新しいことの四つ目は、 ④新しく教会が始まったということです。「信者たちはみな一緒にいて、いっさいの物を共有にし、資産や持ち物を売っては、必要に応じてみんなの者に分け与えた。そして日々心を一つにして、絶えず宮もうでをなし、家ではパンをさき、よろこびと、まごころとをもって、食事を共にし、神をさんびし、すべての人に好意を持たれていた。そして主は、救われる者を日々仲間に加えて下さったのである。」(2:44-47)

教会とは建物もそうですが、教会を構成する人が大切です。ペテロの説教を聞いた人たちは「神はありののままの私に向き合ってくださる私の神なんだ」と心動かされて、弟子たちの仲間になりました。そのように新しい生き方を一緒に始めていく群れ・共同体が形成されました。それが「教会の誕生」です。言葉や習慣、文化や民族、生活の違いは問題でなく、イエス・キリストの十字架と復活が私の生き方にかかわることだと信じる人々の群れが「教会」です。

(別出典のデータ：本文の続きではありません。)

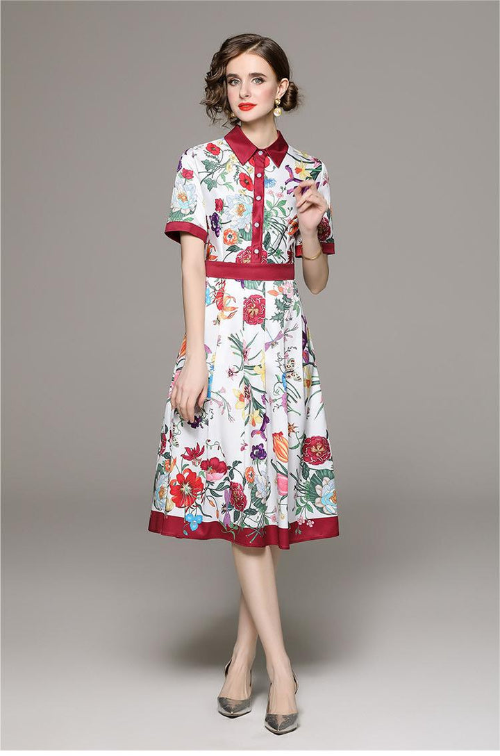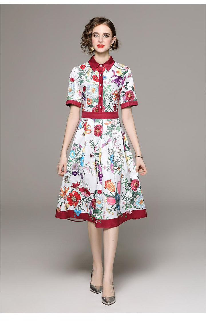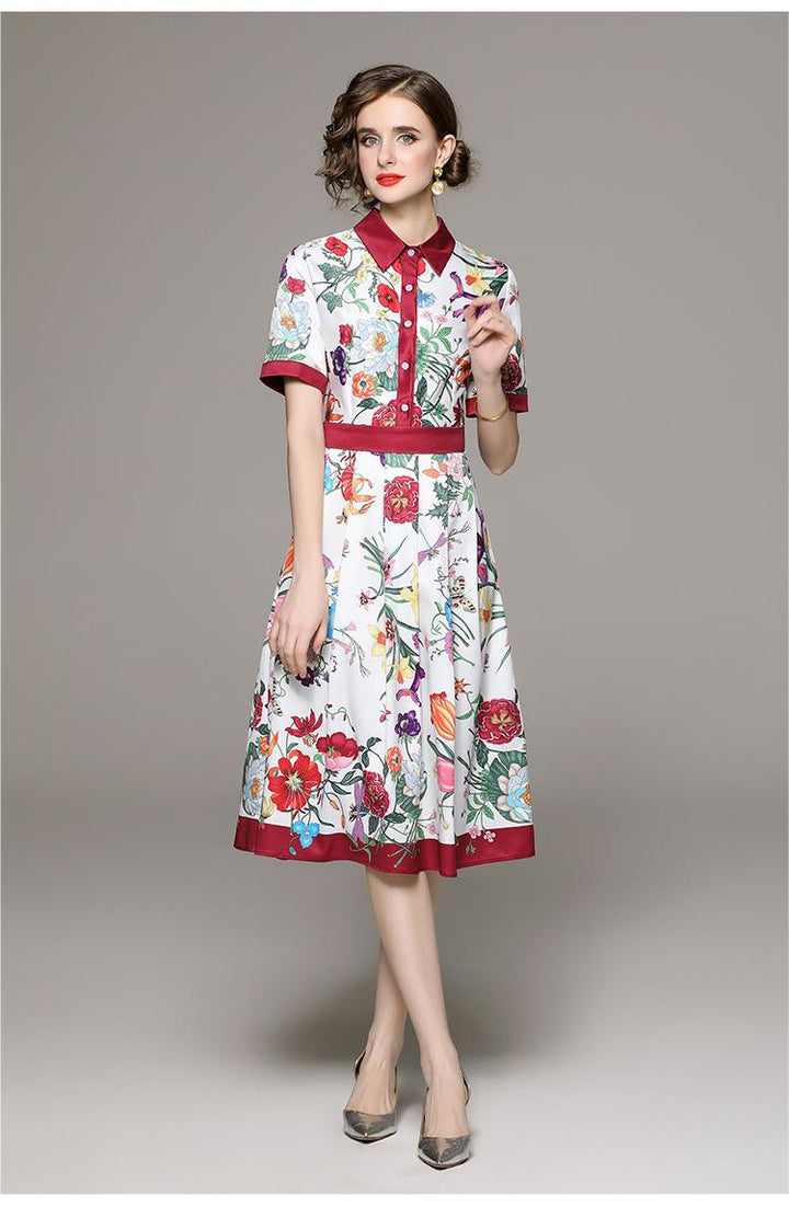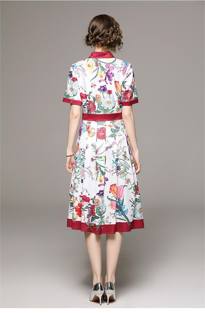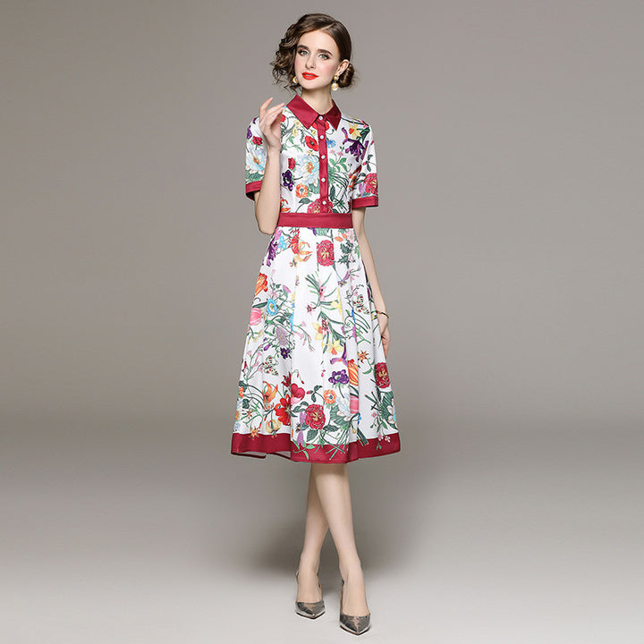 Fashion All-in-One Collection Waist Slimming Positioning Printed Short-Sleeved Dress

ですから、ペンテコステのことを「教会の誕生日」とも呼びます。イエス様は昇天されましたが、イエス様の働きは、聖霊に満たされた弟子たちによって継続されていき、遠く離れた日本にも福音が届きました。何と感謝なことでしょうか。「聖霊のダイナミックな力」こそあらゆる問題解決の突破口です。「ただ、聖霊があなたがたにくだる時、あなたがたは力を受けて、エルサレム、ユダヤとサマリヤの全土、さらに地のはてまで、わたしの証人となるであろう」(使徒1:8)

私たちも聖霊という「天よりの贈り物」をしっかりと受け取り、聖霊に満たされて、日々新しくされ、主のわざを期待して共に前進して参りましょう。